Shallow Neural Networks
A shallow neural network has exactly one hidden layer between input and output. Despite their simplicity, shallow networks are the theoretical basis for the universal approximation theorem and serve as the building block for understanding deeper architectures.
\[\hat{y} = W^{(2)} \sigma(W^{(1)} \mathbf{x} + \mathbf{b}^{(1)}) + \mathbf{b}^{(2)}\]Architecture
Input layer Hidden layer Output layer
x_1 ─┐
x_2 ─┤──► [h_1, h_2, ..., h_n] ──► [y_1, ..., y_k]
... ─┘
x_d
- Input: $\mathbf{x} \in \mathbb{R}^d$
- Hidden: $\mathbf{h} = \sigma(W^{(1)}\mathbf{x} + \mathbf{b}^{(1)}) \in \mathbb{R}^n$
- Output: $\hat{\mathbf{y}} = W^{(2)}\mathbf{h} + \mathbf{b}^{(2)} \in \mathbb{R}^k$
Total parameters: $d \cdot n + n + n \cdot k + k = n(d + k + 1) + k$
Forward Pass
For a single input $\mathbf{x} \in \mathbb{R}^d$:
Layer 1 (hidden):
\[z_j^{(1)} = \sum_{i=1}^d w_{ji}^{(1)} x_i + b_j^{(1)}, \quad j = 1, \ldots, n\] \[h_j = \sigma(z_j^{(1)})\]Layer 2 (output):
\[\hat{y}_k = \sum_{j=1}^n w_{kj}^{(2)} h_j + b_k^{(2)}\]Learning in a Shallow Network
The network minimizes empirical risk:
\[\hat{\theta} = \arg\min_{W^{(1)}, \mathbf{b}^{(1)}, W^{(2)}, \mathbf{b}^{(2)}} \frac{1}{n} \sum_{i=1}^n \mathcal{L}(\hat{y}_i, y_i)\]The output weights $W^{(2)}$ enter the loss linearly (fixing $\mathbf{h}$, the problem is convex in $W^{(2)}$). The hidden weights $W^{(1)}$ make the overall problem non-convex.
Representational Capacity
For a width-$n$ ReLU network:
- Creates at most $n$ “kinks” (breakpoints) in 1-D: can represent any piecewise linear function with $\leq n$ pieces.
- In $d$ dimensions: partitions input space into at most $\sum_{j=0}^d \binom{n}{j}$ regions, each with a linear function.

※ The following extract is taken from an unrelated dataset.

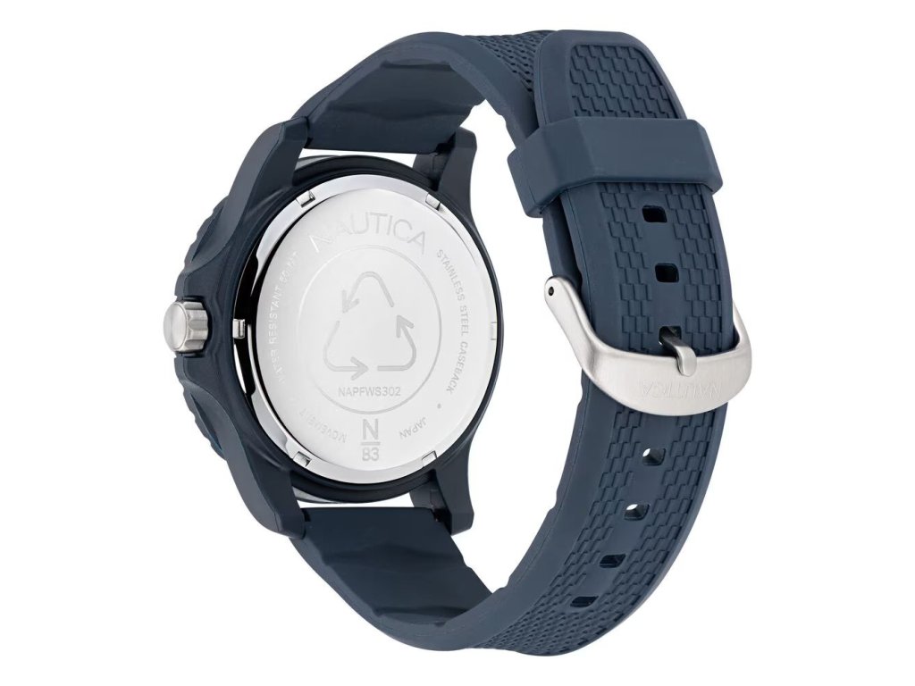 HODINKY NAUTICA MAN NAPFWS302 (45MM). Typ mechanizmu: QUARTZ. Displej: HODINKY: ANALÓGOVÉ. Materiál puzdra: MATERIÁL PUZDRA: ŽIVICA. Farba puzdra: FARBA PUZDRA: MODRÁ. Materiál náramku: MATERIÁL NÁRAMKU: SILIKÓN. Farba náramku: FARBA NÁRAMKU: MODRÁ. Farba ciferníka: MODRÁ. Typ skla: MINERÁLNE. Uzáver: BUCKLE. Priemer ciferníka: dĹŽKA CIFERNÍKA: 45 MM. Ponorný: 5ATM

Width needed for $\epsilon$-approximation: Typically exponential in $d$ for multivariate functions. This curse of dimensionality motivates depth.
Universal Approximation (Formal Statement)
Cybenko (1989): For any continuous $f: [0,1]^d \to \mathbb{R}$ and $\epsilon > 0$, there exist $n$, $W^{(1)}$, $W^{(2)}$, $\mathbf{b}$ such that:
\[\sup_{x \in [0,1]^d} |f(x) - \hat{f}(x)| < \epsilon\]for any non-constant, bounded, monotone continuous activation $\sigma$.
Hornik (1991): Extends to any non-polynomial $\sigma$.
The theorem guarantees existence but not efficient constructibility or learnability via gradient descent.
When Shallow Networks Suffice
- Low-dimensional inputs ($d \leq$ a few hundred).
- Smooth, simple target functions.
- Small datasets where deep networks overfit.
- Interpretability is required.
Examples: logistic regression (no hidden layer), one-hidden-layer MLP for tabular data, radial basis function networks.
Comparison to Deep Networks
| Property | Shallow | Deep |
|---|---|---|
| Parameters for same function | Exponentially more | Polynomial |
| Optimization landscape | Fewer saddle points | More complex |
| Feature learning | One level of features | Hierarchical |
| Generalization (typical) | Worse on structured data | Better |
| Interpretability | Easier | Harder |
Shallow networks are best understood as the foundation: understanding their forward pass, loss landscape, and gradient flow directly extends to deeper architectures. See Deep Neural Networks.